The US Army defines the bearing from Point A to Point B as the angle between: either a north, south, east, or west ray, whose origin is Point A and Ray AB, the ray whose origin is Point A and which contains Point B. The bearing consists of 2 characters and 1 number: first, the character representing the reference ray (N, or S); followed by the angle value; and finally the character representing the direction of the angle from the reference ray (E, or W). The angle value will always be less than 90 degrees.[2][3] For example, if Point B is located exactly southeast of Point A, the bearing from Point A to Point B is S 45° E.[3]
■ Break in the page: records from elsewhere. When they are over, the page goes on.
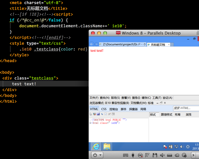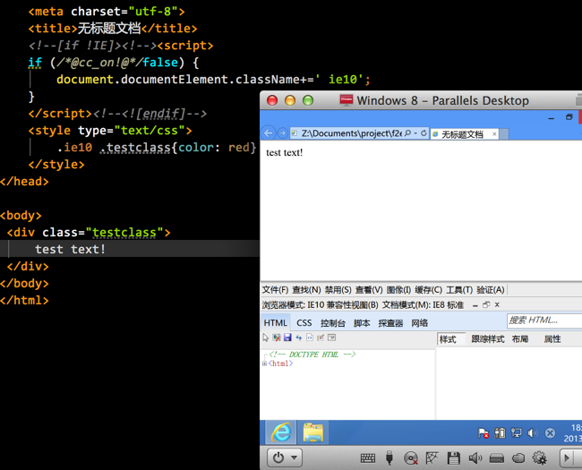 一、特性检测:@cc_on 我们可以用IE私有的条件编译(conditional compilation)结合条件注释来提供针对ie10的Hack:该脚本里面的IE排除条件注释,以确保IE6-9不承认它,然后它功能检测到了名为@ cc_on。
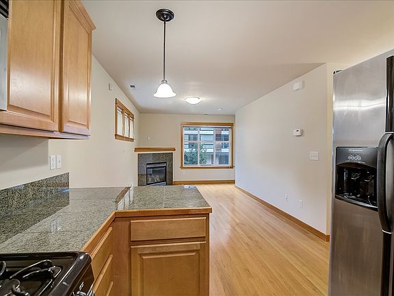 Gas fireplaceGalley kitchenHardwood floorsDouble-paned windowsClerestory windowBreakfast barTwo cozy carpeted brs
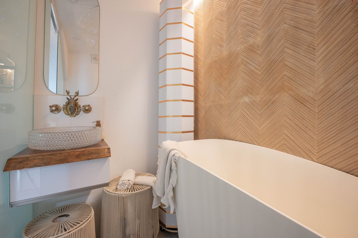 El confort está garantizado durante todo el año gracias a la calefacción por suelo radiante, mientras que la cocina está equipada con un horno de vapor de alta gama para una cocina moderna y saludable. El baño incluye una lujosa bañera japonesa, que ofrece una experiencia tipo spa, poco común en propiedades de este tamaño.
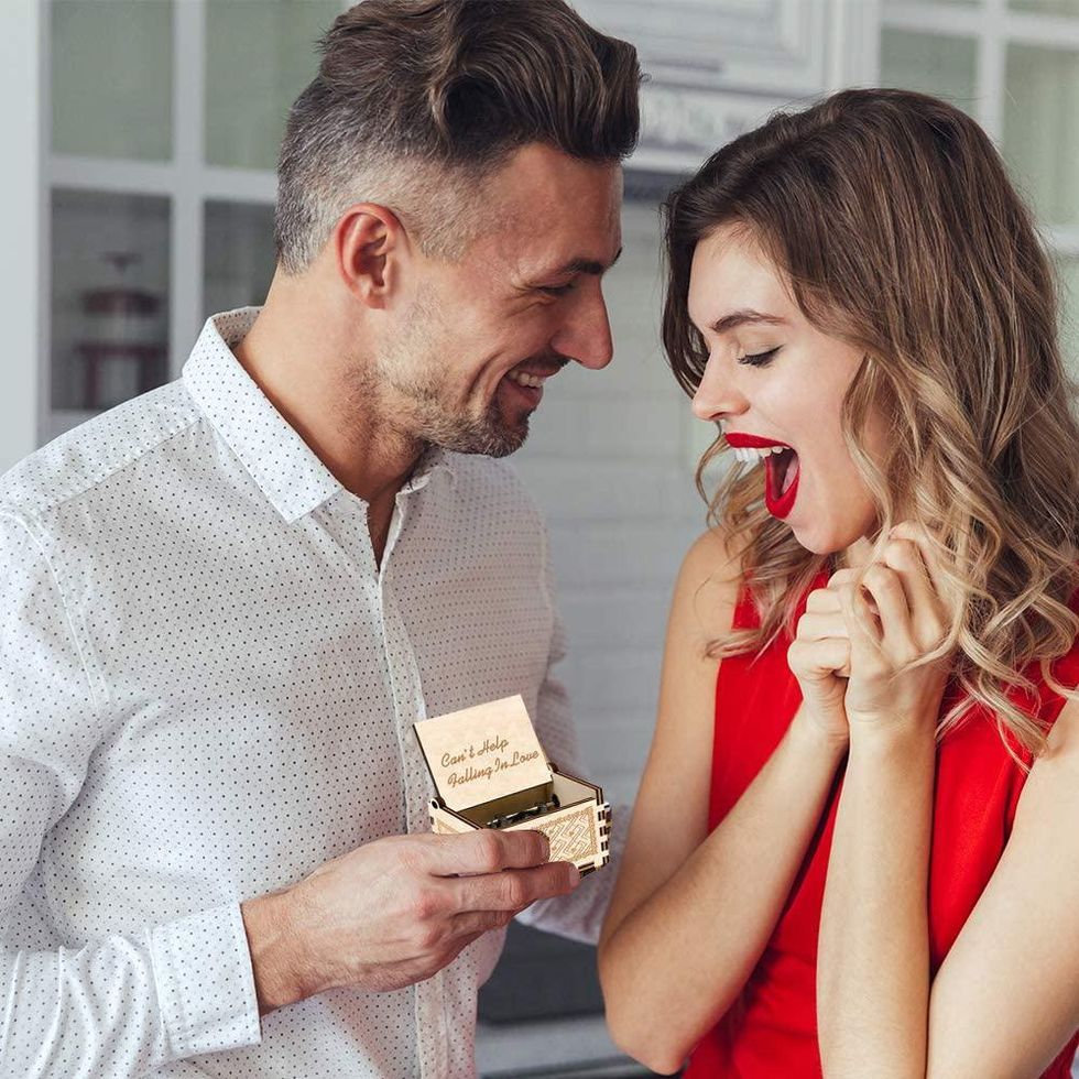 Maybe you don’t play an instrument. You might not even be able to carry a tune in a bucket. But, you can still give the gift of music with this wooden engraved music box that plays, among other tunes, “Can’t Help Falling In Love.” For less than $15, this hand-cranked music box will fit in the palm of his or her hand and deliver notes of romance to your beloved.

The US Army defines the azimuth between Point A and Point B as the angle, measured in the clockwise direction, between the north reference ray and Ray AB. For example, if the bearing between Point A and Point B is E 45° S, the azimuth between Point A and Point B is 135°.[2][3]
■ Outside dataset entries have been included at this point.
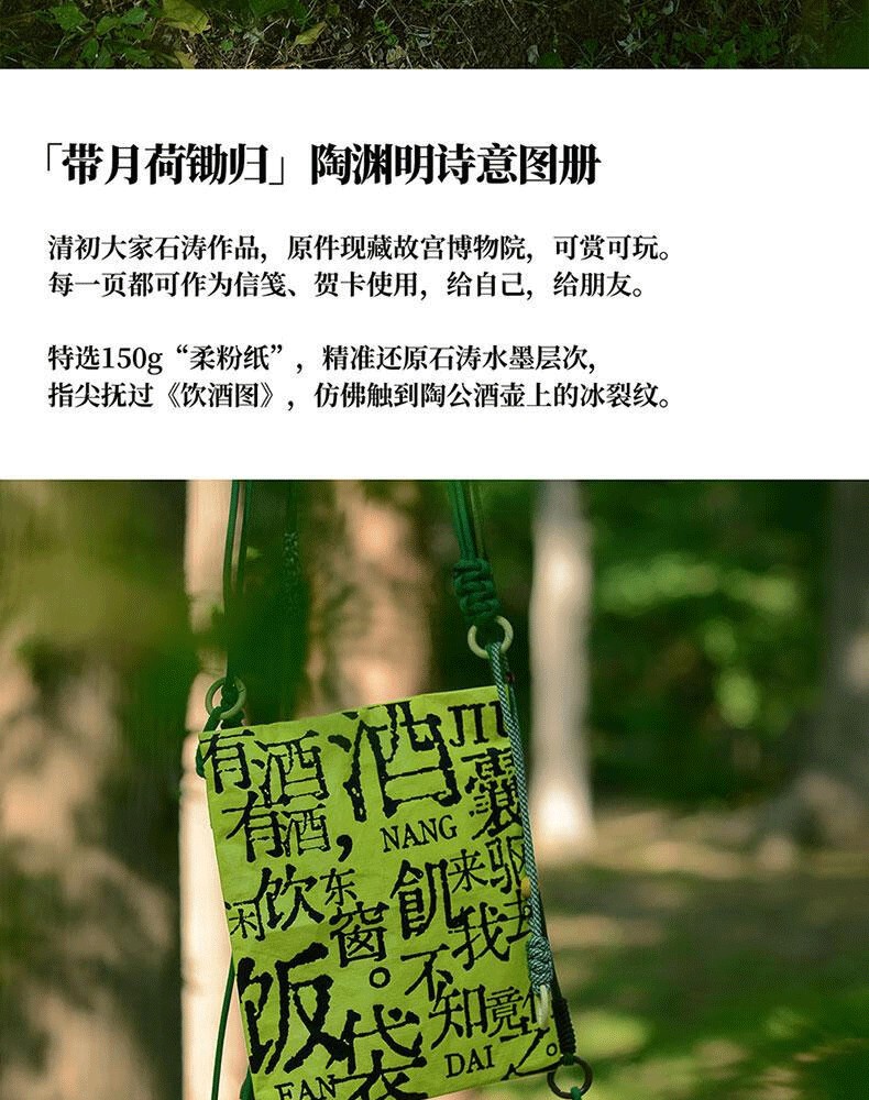 為故宮藏畫復刻,可欣賞可收藏。陶淵明筆下「桑竹垂餘蔭,菽稷隨時藝」的豐饒景象,在石濤墨筆下化作疏淡筆觸;「童孺縱行歌,班白歡遊詣」的淳樸場景,成了畫中老幼相攜的暖意。你甚至可以裁下畫頁作信箋,寄給摯友,並附上:「久在樊籠裡,一同返自然」。
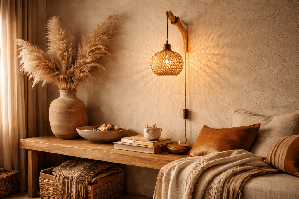 - Boho-inspired spaces with natural materials
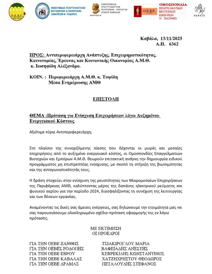 Την ανάγκη άμεσης ενίσχυσης των μικρών και μεσαίων επιχειρήσεων της Ανατολικής Μακεδονίας και Θράκης επισημαίνουν οι Ομοσπονδίες Επαγγελματιών, Βιοτεχνών και Εμπόρων της Περιφέρειας, με επιστολή τους προς τον Αντιπεριφερειάρχη Ανάπτυξης Αλέξανδρο Ιωσηφίδη.
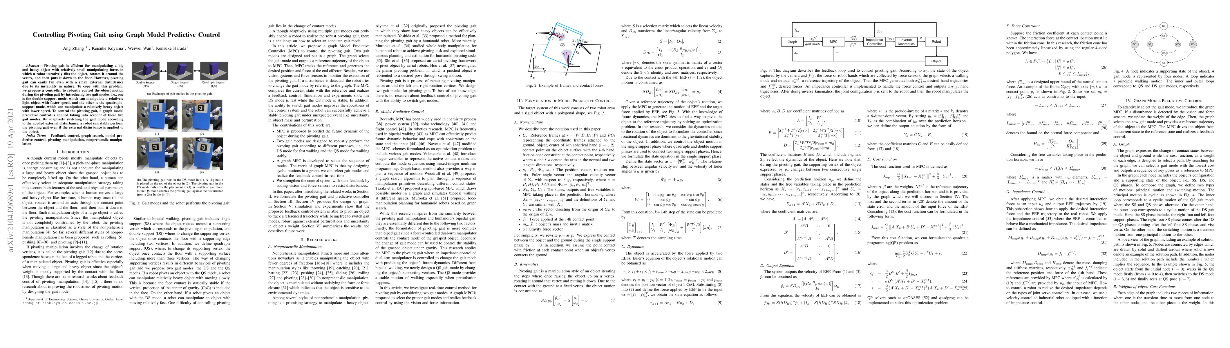 This paper proposes a graph model predictive control method to robustly manage pivoting gait in robots, introducing two gait modes to handle different object weights and disturbances. The adaptive switching between double-support and quadruple-support modes ensures stable pivoting even under external disturbances.
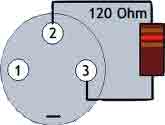 The receivers on a bus are connected together using cables with one male and one female XLR plug. These cable are wired so that pin 2 connects to pin 2, pin 3 connects to pin 3. The shield (also known as a shield) is wired to pin 1 at both ends of the cable.
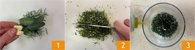 Um das Perlhuhn aus dem Ofen zuzubereiten, hacken Sie zuerst fein 2 geschälte Knoblauchzehen, einen Zweig Rosmarin und 3 Salbeiblätter 1 2. Geben Sie alles in eine Schüssel und würzen Sie es mit Öl 3.
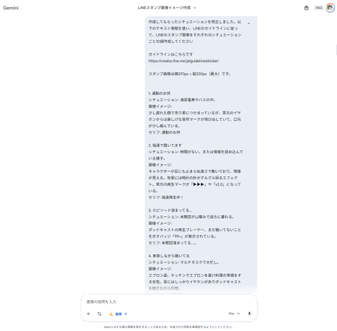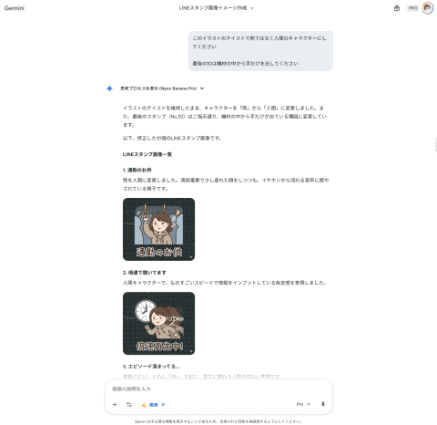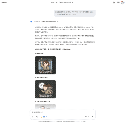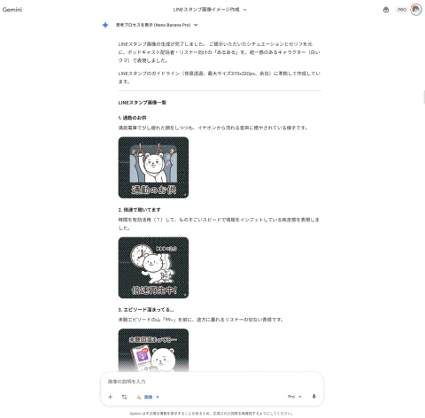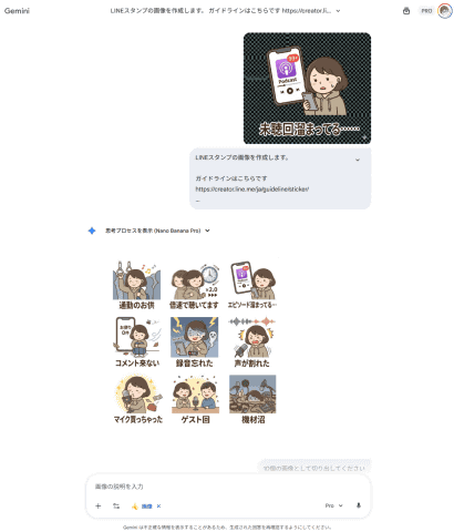 実際のスタンプ画像制作は、画像生成で評判の高い「Nano Banana Pro」が利用できるGeminiに切り替えました。Nano Banana ProはGeminiの有料プランであれば利用可能です。
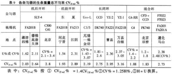 引进梳棉机和国产梳棉机采用自匀器后,清梳联生条的重量总不匀率如表9所示。

The angle value in a bearing can be specified in the units of degrees, mils, or grad. An azimuth is specified in the same angle units.[4]

Use of bearings

Determining a position

A bearing is basically the position of A with respect to B and which is their angle with respect to north so the angle with B plus the angle with north is bearing.

Piloting

A bearing can be taken on another vessel to aid piloting. If the two vessels are traveling toward each other and the relative bearing remains the same over time, there is likelihood of collision and action needs to be taken by one or both vessels to prevent this.

Warfare

A bearing can be taken to a fixed or moving object in order to target it with gunfire or missiles. This is mainly used by ground troops when using an air-strike on the target.

Search and rescue

A bearing can be taken to a person or vessel in distress in order to go to their aid or, when that is not possible, to report the person or vessel to authorities or someone who can go to their aid.

Types of bearings

Types of bearings include:

  • true bearings
  • magnetic bearings
  • grid bearings
  • compass bearings
  • relative bearings.

A true bearing is measured in relation to the fixed horizontal reference plane of true north, that is, using the direction toward the geographic north pole as a reference point.
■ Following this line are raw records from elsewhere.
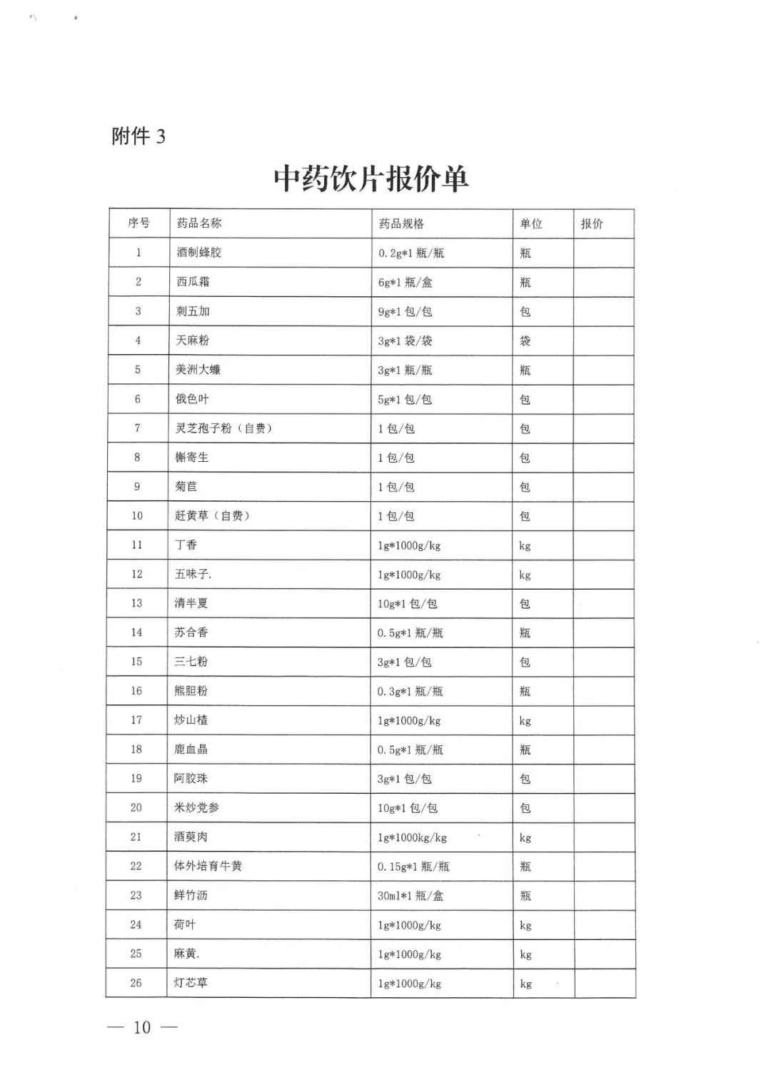 询价日期:另行通知
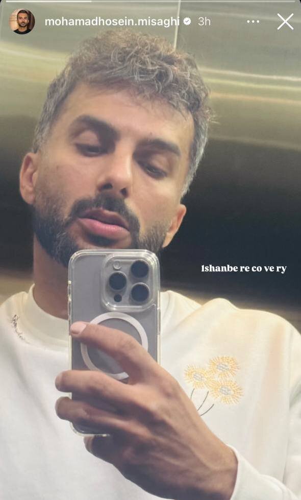 محمد حسین میثاقی ساعاتی قبل تصویری از خود مقابل آینه آسانسور در صفحه شخصی اش منتشر کرد.
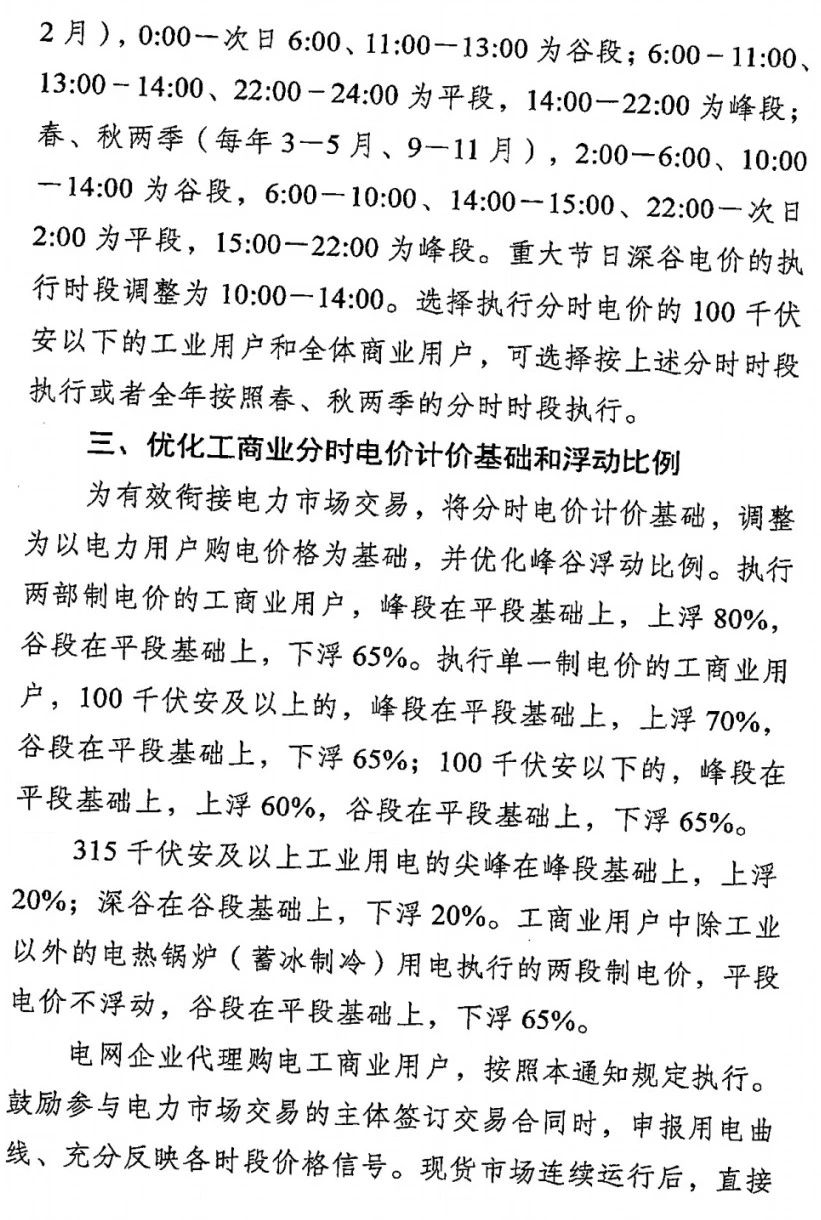 315千伏安及以上工业用电的尖峰在峰段基础上,上浮20%;深谷在谷段基础上,下浮20%。工商业用户中除工业以外的电热锅炉(蓄冰制冷)用电执行的两段制电价,平段电价不浮动,谷段在平段基础上,下浮65%。
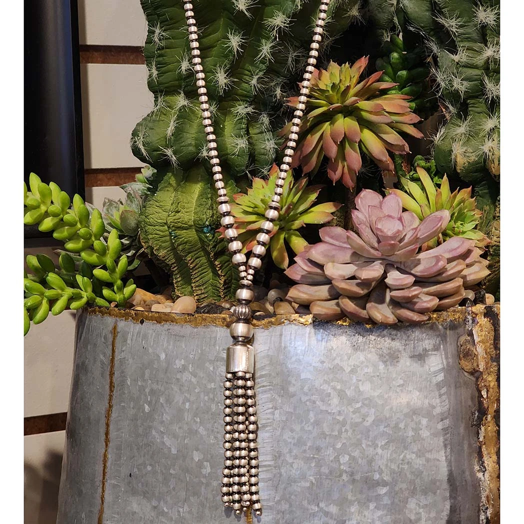 This cute sterling silver pearl necklace has a fun tassel look to it. Sure to dress up any outfit.

A magnetic bearing is measured in relation to magnetic north, that is, using the direction toward the magnetic north pole (in northeastern Canada) as a reference.

A grid bearing is measured in relation to the fixed horizontal reference plane of grid north, that is, using the direction northwards along the grid lines of the map projection as a reference point.

A compass bearing, as in vehicle or marine navigation, is measured in relation to the magnetic compass of the navigator's vehicle or vessel (if aboard ship). It should be very close to the magnetic bearing. The difference between a magnetic bearing and a compass bearing is the deviation caused to the compass by ferrous metals and local magnetic fields generated by any variety of vehicle or shipboard sources (steel vehicle bodies/frames or vessel hulls, ignition systems, etc.)

A relative bearing is one in which the reference direction is straight ahead, where the bearing is measured relative to the direction the navigator is facing (on land) or in relation to the vessel's bow (aboard ship).

Bearing measurement

There are several methods used to measure navigation bearings:

1. In land navigation, a bearing is ordinarily calculated in a clockwise direction starting from a reference direction of 0° and increasing to 359.9 degrees.[5] Measured in this way, a bearing is referred to as an azimuth by the US Army but not by armies in other English speaking nations, which use the term bearing.[6] If the reference direction is north (either true north, magnetic north, or grid north), the bearing is termed an absolute bearing. In a contemporary land navigation context, true, magnetic, and grid bearings are always measured in this way, with true north, magnetic north, or grid north being 0° in a 360-degree system.[5]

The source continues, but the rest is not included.